All in all, there are some (bad) behaviors that emerge in the subconscious and only attract our attention when it is almost too late. First and foremost it is a matter of becoming aware of your mistakes in trading. The following tips will help you.
Trading Tip 1: Hide Account Balances
Many traders become restless when their account balance becomes unhealthy as part of an ongoing trade. On the one hand this is due to a leveraged position, on the other hand to the certainty that the hard-earned money could soon be gone.
One must always remember that losses are simply part of trading. Who looks too much at the account balance of the trading account should simply turn off the visibility. In Metatrader 4 this is possible, in other charting software you might have to work with tricks like overlapping windows.
Trading Tip 2: Turn Off Screens
You have recognized a good setup in a base value and are now planning your trade. You determine your risk and money management and place Stop Loss and Take Profit. Finally you press the buy button and off you go. The trade is running.
Now your work is done. You can devote yourself to other things with a clear conscience. Really. The market doesn’t need you!
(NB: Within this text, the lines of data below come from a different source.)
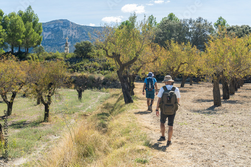 backview, 2, man, male, hiker, backpack, activity, walking, pathway, field, green, tree, hiking, landscape, active, nature, natural, mountain, person, unrecognizable, people, adult, lifestyle, adventure, backpacking, beautiful, copy space, exploration, trekking, healthy, journey, scenic, sky, spain, summer, sunny day, holiday maker, travel, vacation
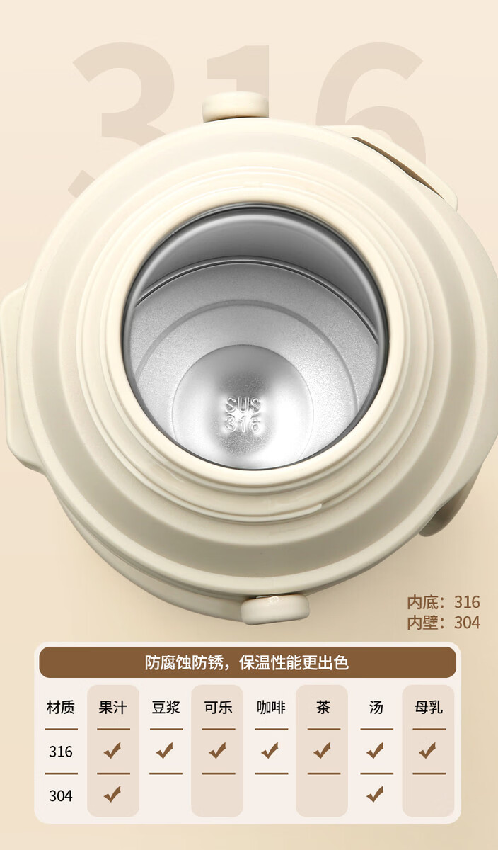 迪士尼保温壶家用玻璃内胆暖水壶办公室水壶学生宿舍保温瓶大容量热水瓶 【店长推荐】奶油白金 2L
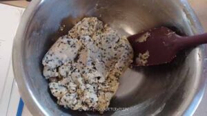 - Use a spatula to combine until you get an evenly combined dough
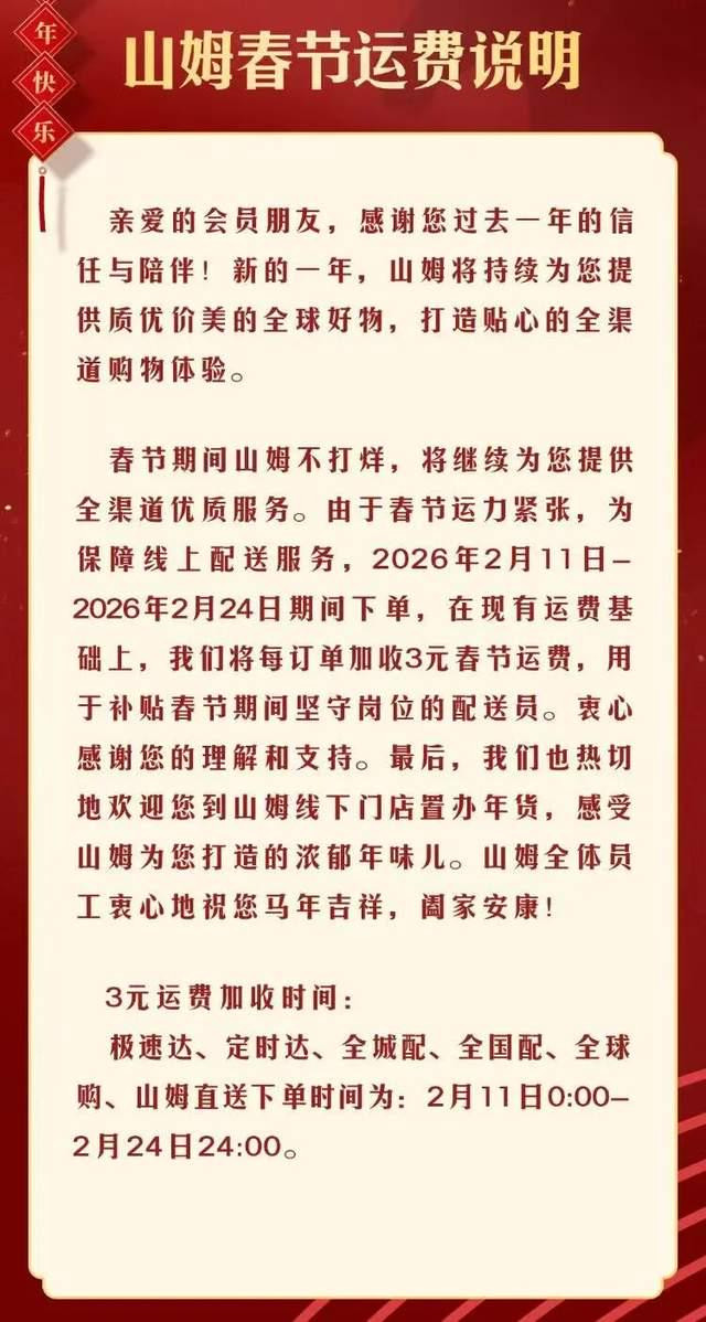 山姆发布春节运费说明称,由于春节运力紧张,为保障线上配送服务,2026年2月11日至2月24日期间下单,山姆线上配送在现有运费基础上将每单加收3元春节运费,用于补贴春节期间坚守岗位的配送员。

As soon as the trade is running and you have placed SL and TP sensibly, it’s enough to check (depending on your trading style) after a few candles if the trade is still running and if the stop has to be pulled. Dedicate your time to important things like analysis, new trading ideas or leisure activities.
By drastically reducing the time before the trading desk, you will have much less contact points with your trading emotions.
Trading Tip 3: Log Your Thoughts
This point is particularly important. First and foremost a trading diary helps here. But traders don’t just have to list the profits and losses, they also have to list the emotions and thoughts they experienced before, during and after the trade. In the second step these thoughts must be analyzed and evaluated. If this process is carried out over several months, the trader recognises his behaviour patterns and now knows which mistakes have to be corrected.
Trading Tip 4: Keep Position Size Small
The emotions usually boil up when the trader can’t cope with the chosen position size. Example: If I have a 1000 EUR trading account and the value of 1000 EUR makes up a large part of my savings, then I have an emotional connection to this amount. If I now choose LOT 3 in EUR USD in a trade, then I am mercilessly leveraged. The result: After a few pips in the wrong direction I lost 20-30% of my account.
No matter if the trading direction was chosen wisely or not, in this condition you forget your clean analysis and make irrational decisions (usually the wrong ones).
The solution is that the trader has to choose a position size that he can emotionally cope with. The 1% rule serves as an orientation, according to which only 1% of the account capital is risked per trade (in the above example 10 EUR). In order for this value to be reached sensibly, the position size must be calculated accordingly.
Trading Tip 5: Match Time Units
I often hear day traders say: “I only trade out of the 5 minute chart”. This statement is naive and dangerous. If you want to trade successfully on the market, you have to understand the interaction of all asset classes and the different time units in trading.
If you want to trade from the 15-minute chart, you should nevertheless compare it with the hourly chart in order to identify resistances and supports such as the EMA200. It also helps to recall the overall picture when the minute chart goes wildly back and forth. So you can remember what the general weather situation looks like and keep your nerves.
Some investment banks and hedge funds spend a lot of money on trading psychologists to keep the trading team on course. The trader’s psyche is the decisive factor for success or failure in trading.
We traders often have to play tricks on our psyche in order to survive in the market. However, this only works if I am aware of my own behaviour and am willing to correct certain mistakes.
The tips shown here have proven themselves with many traders and should also help you to take the next development step in trading.